Pictures should not appear in the copy; the records themselves must be written out exactly.

* **EXTRACTED RECORDS**
-----

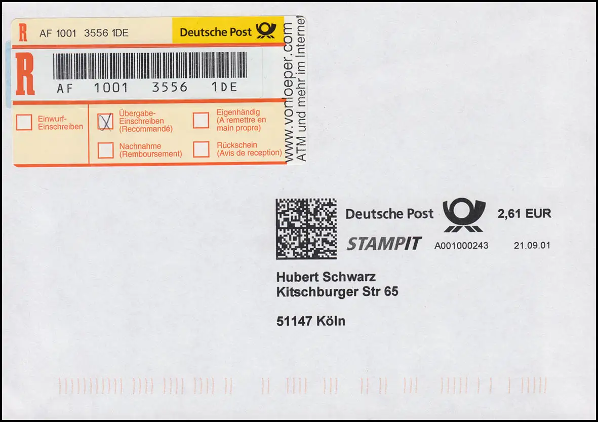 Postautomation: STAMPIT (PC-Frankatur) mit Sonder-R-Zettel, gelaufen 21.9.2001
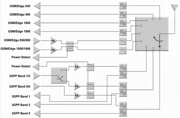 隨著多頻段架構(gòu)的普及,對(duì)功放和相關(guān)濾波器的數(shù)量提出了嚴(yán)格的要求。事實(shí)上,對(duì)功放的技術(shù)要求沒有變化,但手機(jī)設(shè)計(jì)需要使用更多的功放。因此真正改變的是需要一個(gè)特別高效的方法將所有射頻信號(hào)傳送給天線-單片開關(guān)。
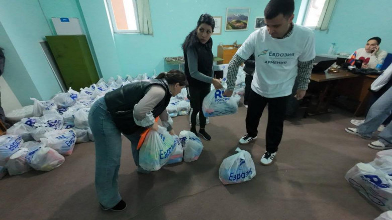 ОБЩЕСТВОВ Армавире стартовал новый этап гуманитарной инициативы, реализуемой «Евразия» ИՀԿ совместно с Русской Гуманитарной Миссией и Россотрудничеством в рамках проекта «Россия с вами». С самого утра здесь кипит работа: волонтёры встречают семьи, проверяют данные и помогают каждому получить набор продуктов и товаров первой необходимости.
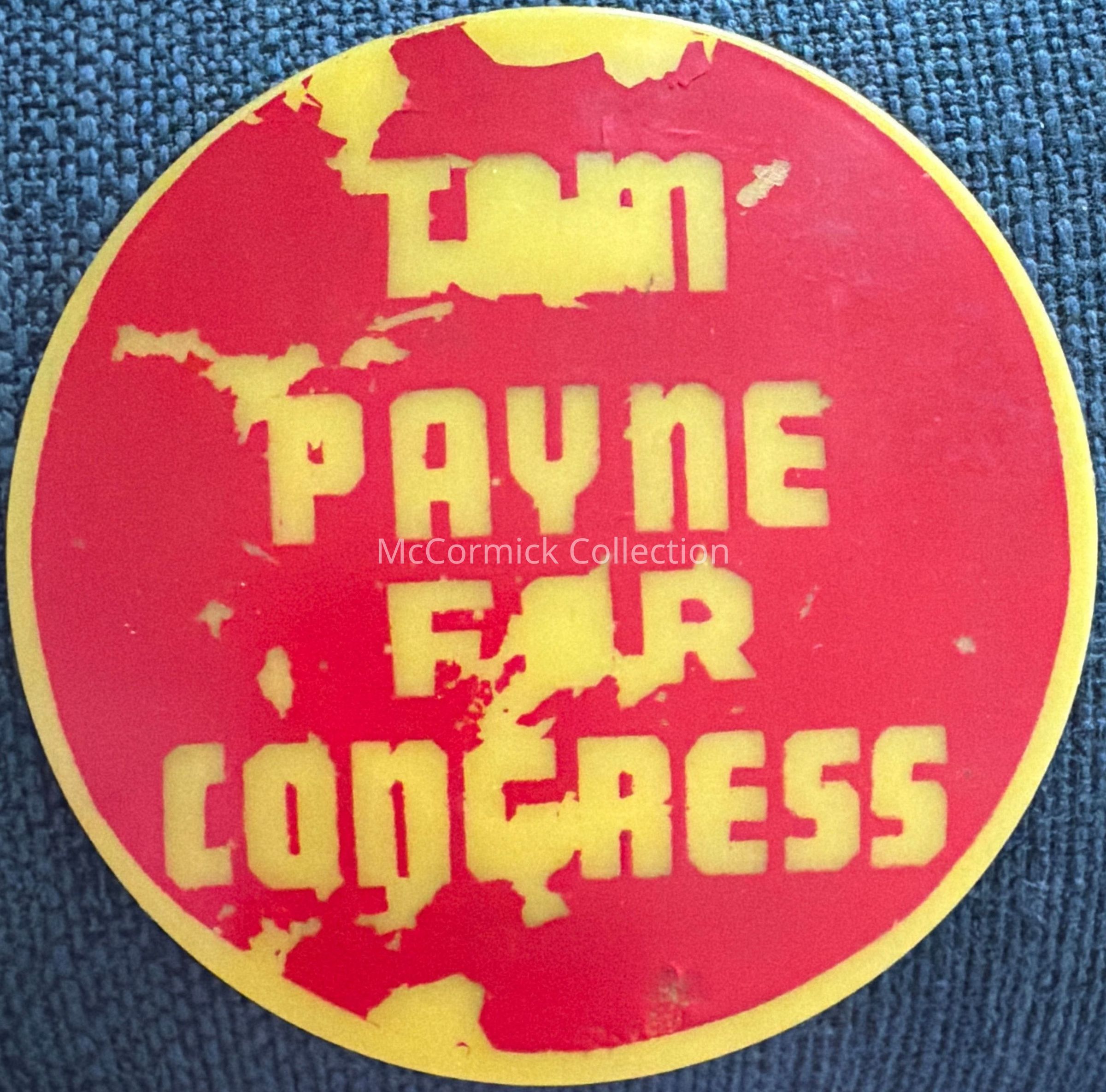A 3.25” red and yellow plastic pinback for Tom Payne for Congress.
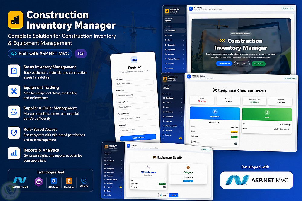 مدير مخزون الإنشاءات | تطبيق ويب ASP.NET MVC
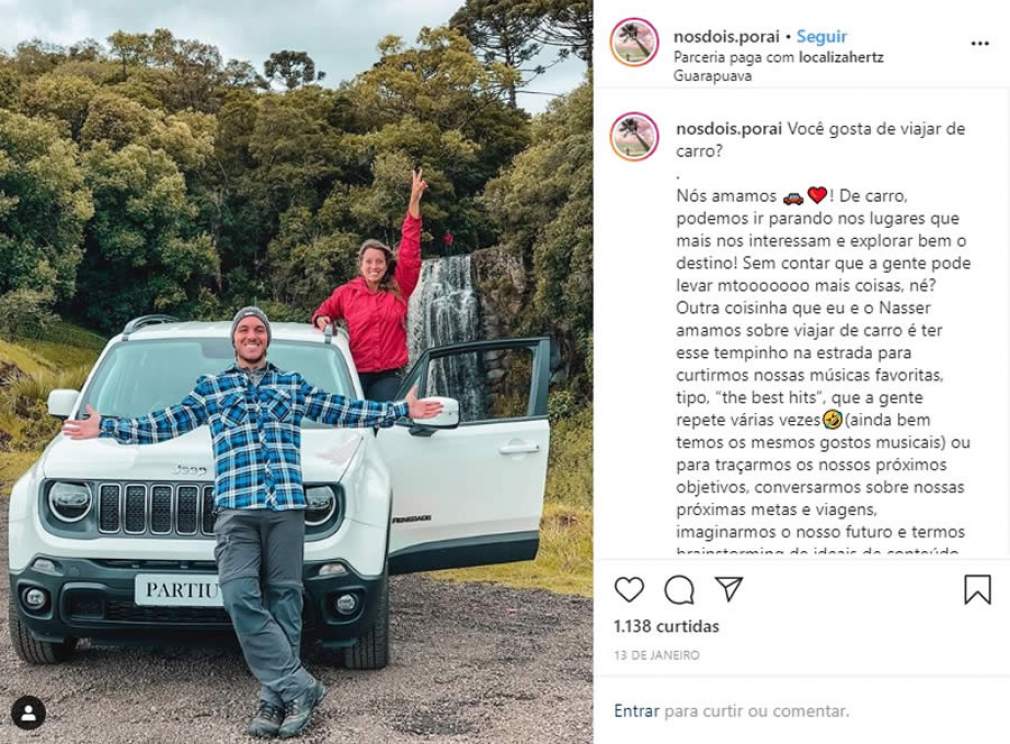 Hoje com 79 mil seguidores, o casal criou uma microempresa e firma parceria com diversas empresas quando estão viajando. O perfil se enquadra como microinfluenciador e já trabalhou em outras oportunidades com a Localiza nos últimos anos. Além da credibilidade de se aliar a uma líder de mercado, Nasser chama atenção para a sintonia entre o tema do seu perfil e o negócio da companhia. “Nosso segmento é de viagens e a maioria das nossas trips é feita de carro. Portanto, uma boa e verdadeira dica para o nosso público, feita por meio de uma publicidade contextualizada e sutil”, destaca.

-----

* **SOLUTION TO THE EXERCISE**
 Postautomation: STAMPIT (PC-Frankatur) mit Sonder-R-Zettel, gelaufen 21.9.2001
 隨著多頻段架構(gòu)的普及,對(duì)功放和相關(guān)濾波器的數(shù)量提出了嚴(yán)格的要求。事實(shí)上,對(duì)功放的技術(shù)要求沒有變化,但手機(jī)設(shè)計(jì)需要使用更多的功放。因此真正改變的是需要一個(gè)特別高效的方法將所有射頻信號(hào)傳送給天線-單片開關(guān)。
 ОБЩЕСТВОВ Армавире стартовал новый этап гуманитарной инициативы, реализуемой «Евразия» ИՀԿ совместно с Русской Гуманитарной Миссией и Россотрудничеством в рамках проекта «Россия с вами». С самого утра здесь кипит работа: волонтёры встречают семьи, проверяют данные и помогают каждому получить набор продуктов и товаров первой необходимости.
A 3.25” red and yellow plastic pinback for Tom Payne for Congress.
 مدير مخزون الإنشاءات | تطبيق ويب ASP.NET MVC
 Hoje com 79 mil seguidores, o casal criou uma microempresa e firma parceria com diversas empresas quando estão viajando. O perfil se enquadra como microinfluenciador e já trabalhou em outras oportunidades com a Localiza nos últimos anos. Além da credibilidade de se aliar a uma líder de mercado, Nasser chama atenção para a sintonia entre o tema do seu perfil e o negócio da companhia. “Nosso segmento é de viagens e a maioria das nossas trips é feita de carro. Portanto, uma boa e verdadeira dica para o nosso público, feita por meio de uma publicidade contextualizada e sutil”, destaca.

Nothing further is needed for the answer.